Problem statement:
From the records below, output exactly the lines starting at the line with "自身のインスタグラムでは「久" and ending at the line with "サステナブルに働きたい女性・", both of them included, but no pictures.
[[ Data to use, beginning ]]
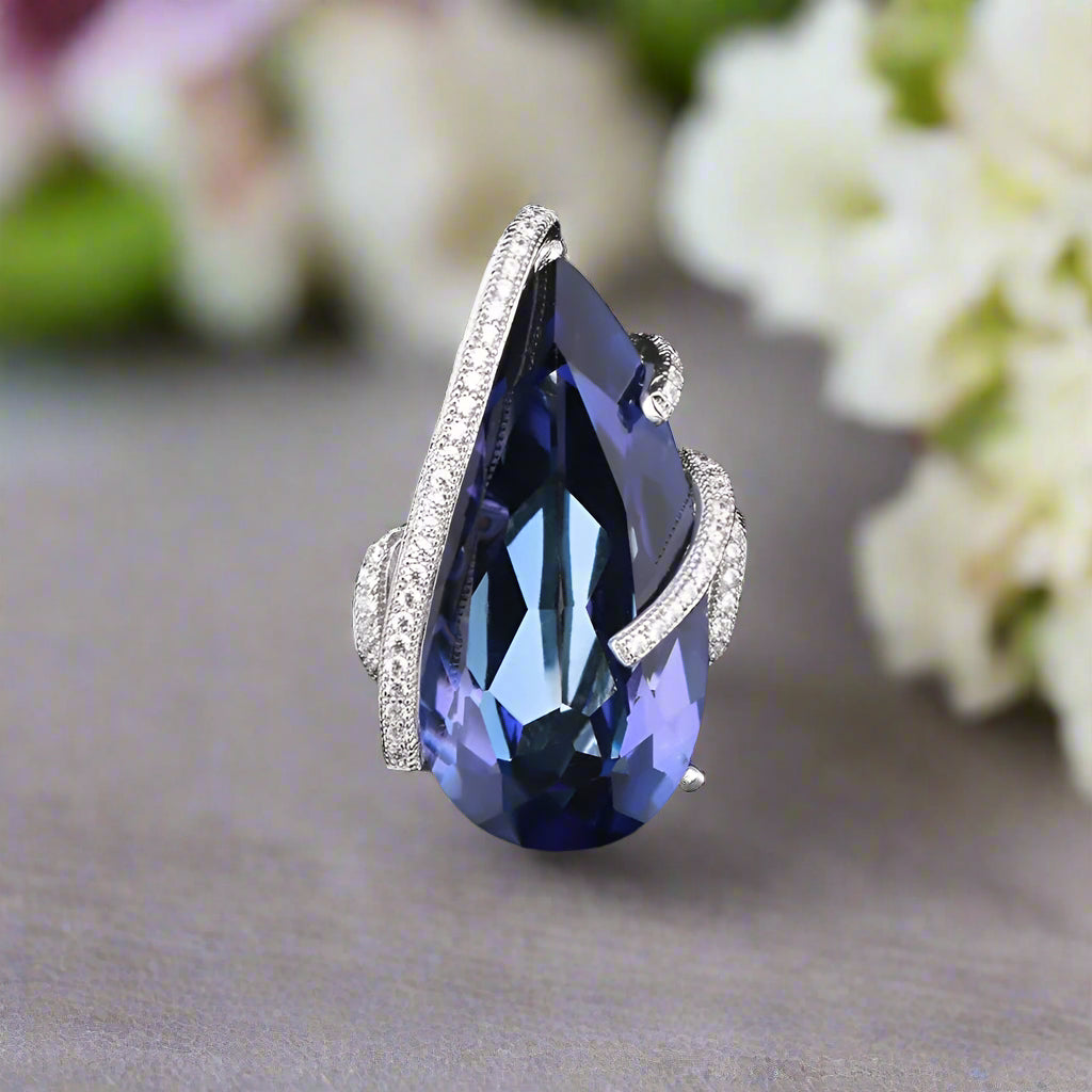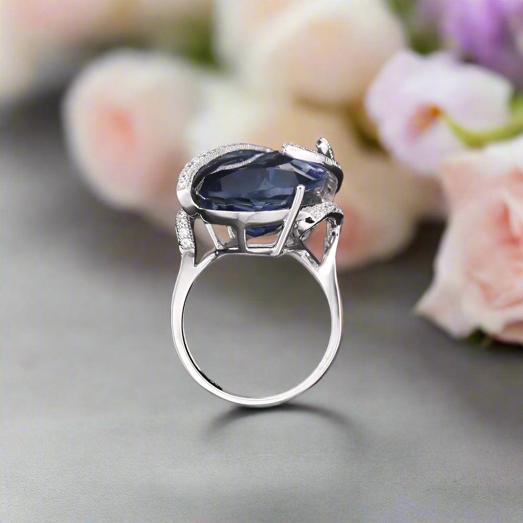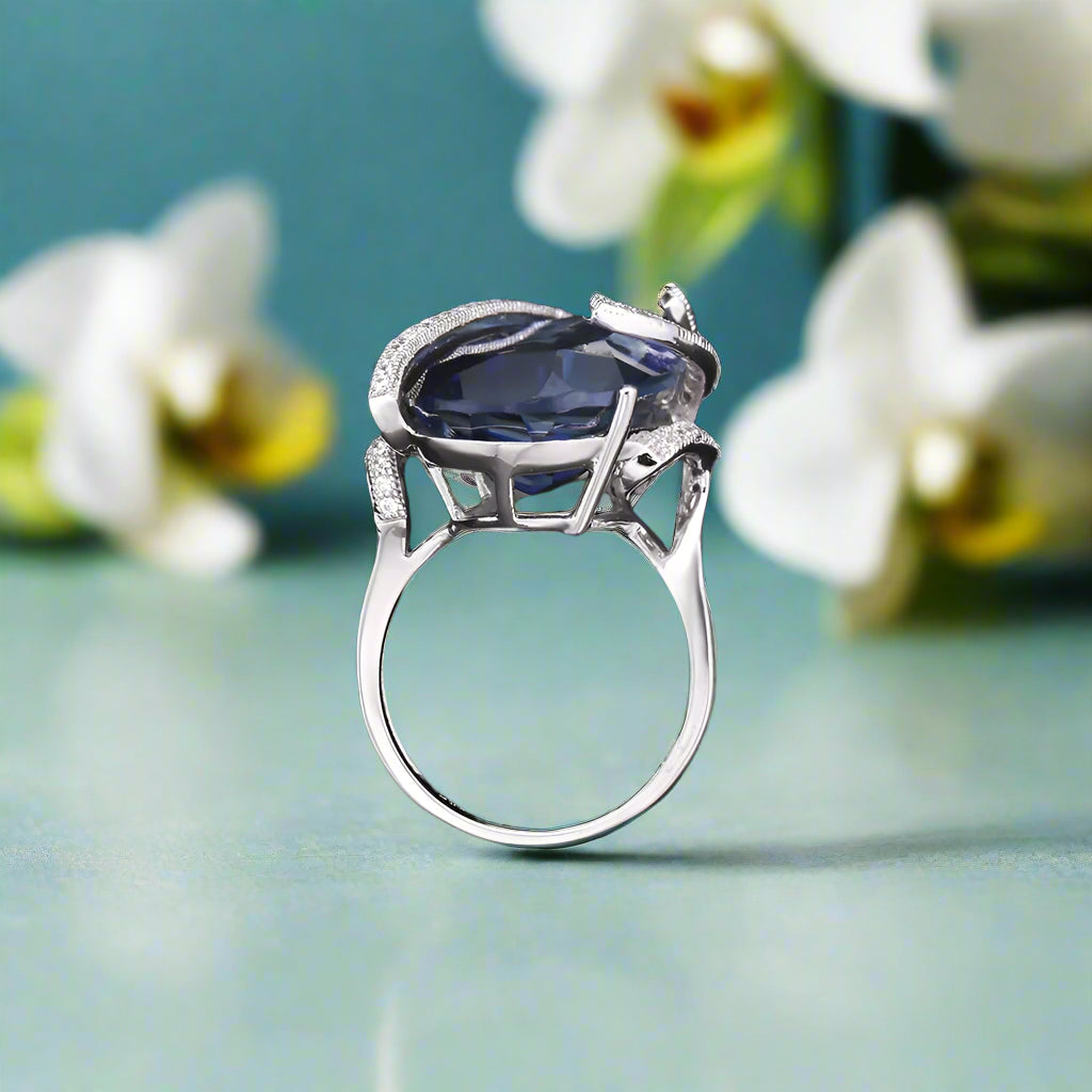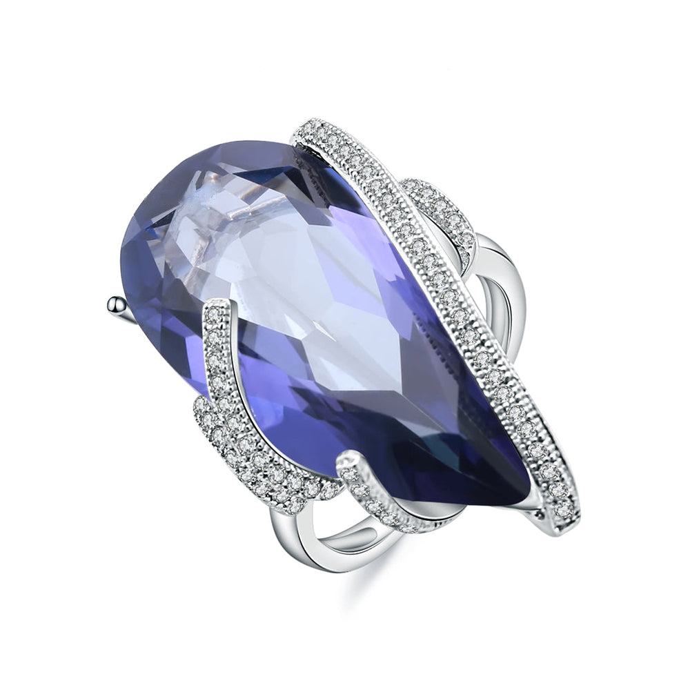 Gracefully crafted from high-quality 925 sterling silver, the GRACE Pear Cut Iolite Blue Mystic Quartz Ring exudes luxury and sophistication. Its natural 14 x 28 mm pear-shaped stone, featuring a stunning 17.8 CT. carat weight, is secured by a prong setting and complemented by sparkling white CZ side stones. With its classic style and stunning design, this ring is sure to elevate any outfit to new levels of elegance.
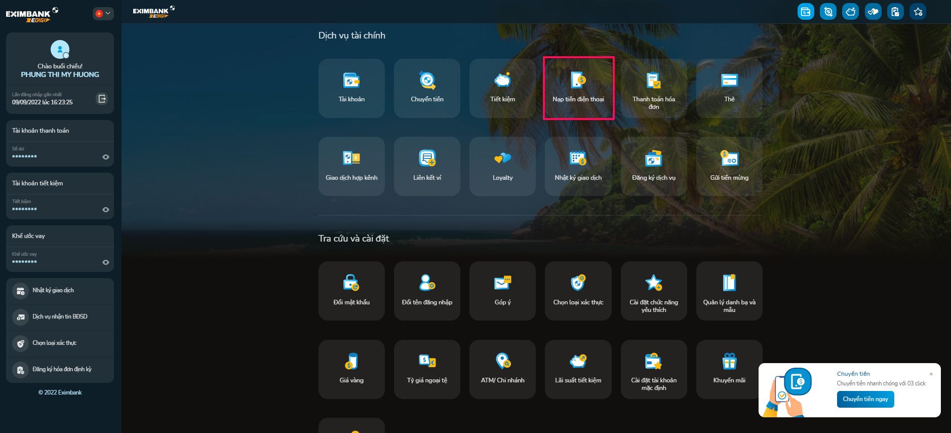 Bước 1: Tại màn hình Trang chủ → chọn Nạp tiền điện thoại
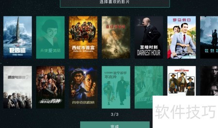 3、 选取三部喜爱的影片,便于精准推荐,点击即可完成设置。
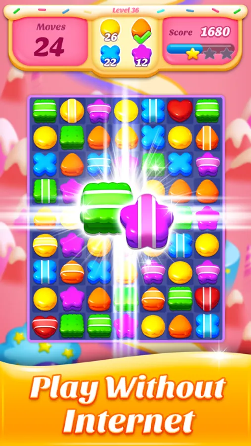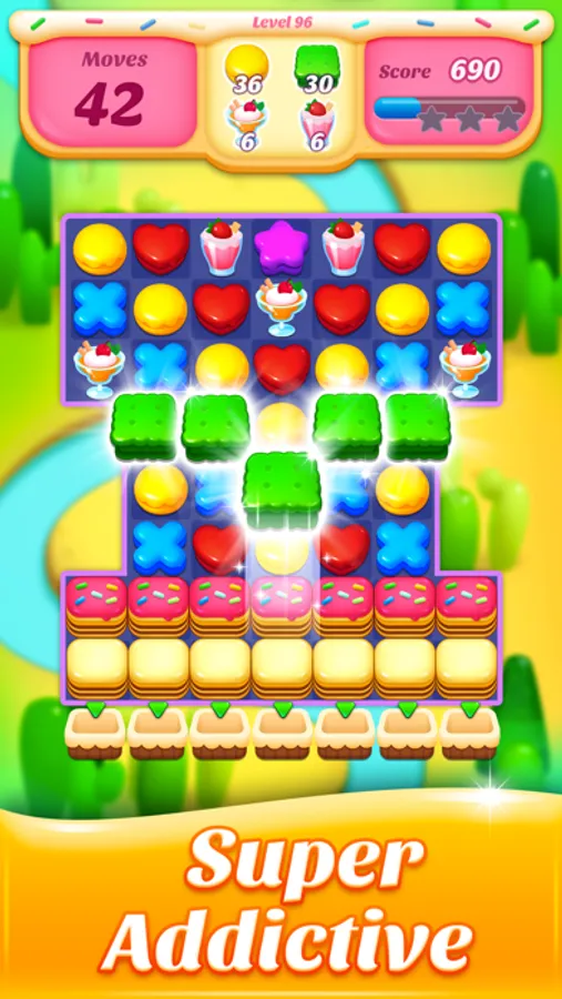 ●Crush cookies with exciting puzzles to get more stars and high scores
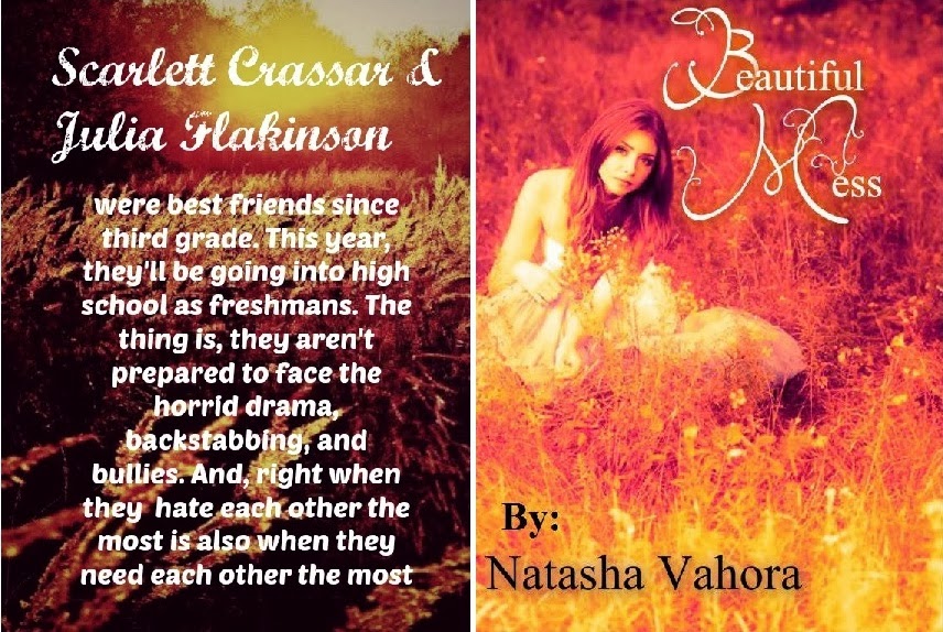 Sypnosis: Scarlett Crassar and Julia Flakinson were best friends since third grade. They've been through a lot together. Finally, they're about to go to high school. They're nervous, but excited. The thing is, they aren't ready for all the drama, backstabbing, facing the popular people, and the bullies. And let's not forget, the fighting between best friends. The times when Scarlett and Julia need each other the most, are also the times when they hate each other the most.Goodreads link: Add it to your TBR! https://www.goodreads.com/book/show/20766169-beautiful-messFacebook Page: https://www.facebook.com/pages/Natasha-Vahora-Author/429821093769503Amazon Author Page: http://www.amazon.com/Natasha-Vahora/e/B00BJPRDC8/ref=ntt_athr_dp_pel_1Blog: https://sweetandsassyreviewz.blogspot.com
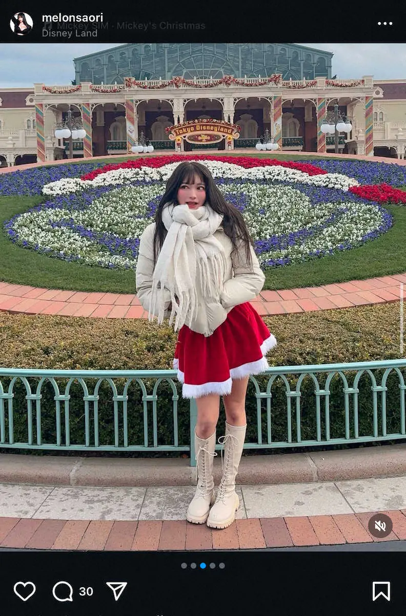自身のインスタグラムでは「久しぶりのディズニーランドでルンルンメロンちゃん。モコモコマフラーコーデ」と生脚クリスマスコーデ姿を投稿した。
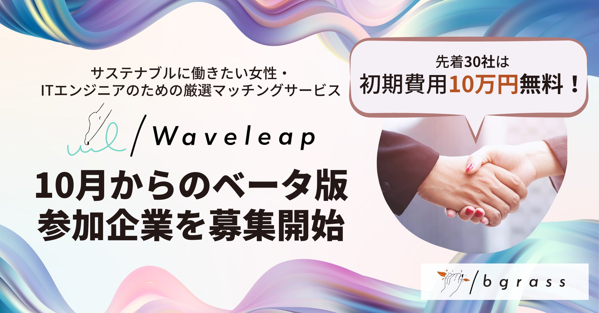 サステナブルに働きたい女性・ITエンジニアのための厳選マッチングサービス「Waveleap」10月からのベータ版参加企業を募集開始
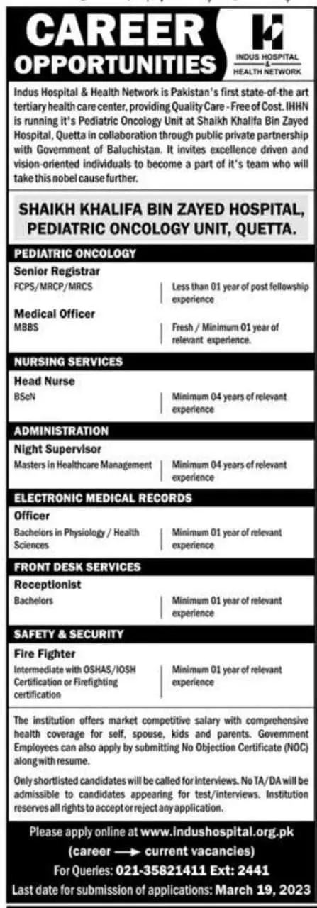 Sheikh Khalifah Bin Zayyad Hospital Quetta Jobs 2023 announce the Contract career opportunities for the post of See Below Ad in Balochistan,Quetta for the fresh and experienced candidates on Contract basis who have Check Advertisement degree. Posted date of this post is 12/03/2023 and the last date is 19/03/2023. if you are eligible for this job apply before due date.
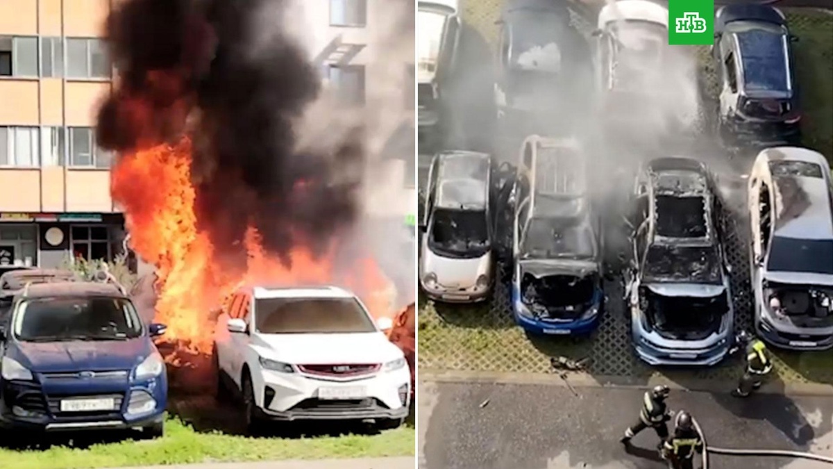 [ Смотреть видео на сайте НТВ ] В оперативных службах рассказали, из-за чего сгорели автомобили на Бескудниковском бульваре. Столичное управление МВД России назвало причину пожара, охватившего девять машин на севере Москвы. По предварительным данным, огонь вспыхнул из-за короткого замыкания электропроводки. Расследование ЧП продолжается. Утром 8 июля на парковке на Бескудниковском бульваре загорелся «Форд». Пламя перекинулось на восемь других автомобилей, стоявших рядом. Взрывов не было, но раздавались хлопки, характерные для возгорания машины, отметили в полиции. По материалам: ТАСС. [ Смотреть видео на сайте НТВ ]
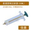 50MLSeringa de aço plástico comum: Comprimento total: 160 mm, diâmetro da seringa: 30 mm; aproximadamente 50 g/peça
[[ Data to use, end ]]
Answer box:
自身のインスタグラムでは「久しぶりのディズニーランドでルンルンメロンちゃん。モコモコマフラーコーデ」と生脚クリスマスコーデ姿を投稿した。
 サステナブルに働きたい女性・ITエンジニアのための厳選マッチングサービス「Waveleap」10月からのベータ版参加企業を募集開始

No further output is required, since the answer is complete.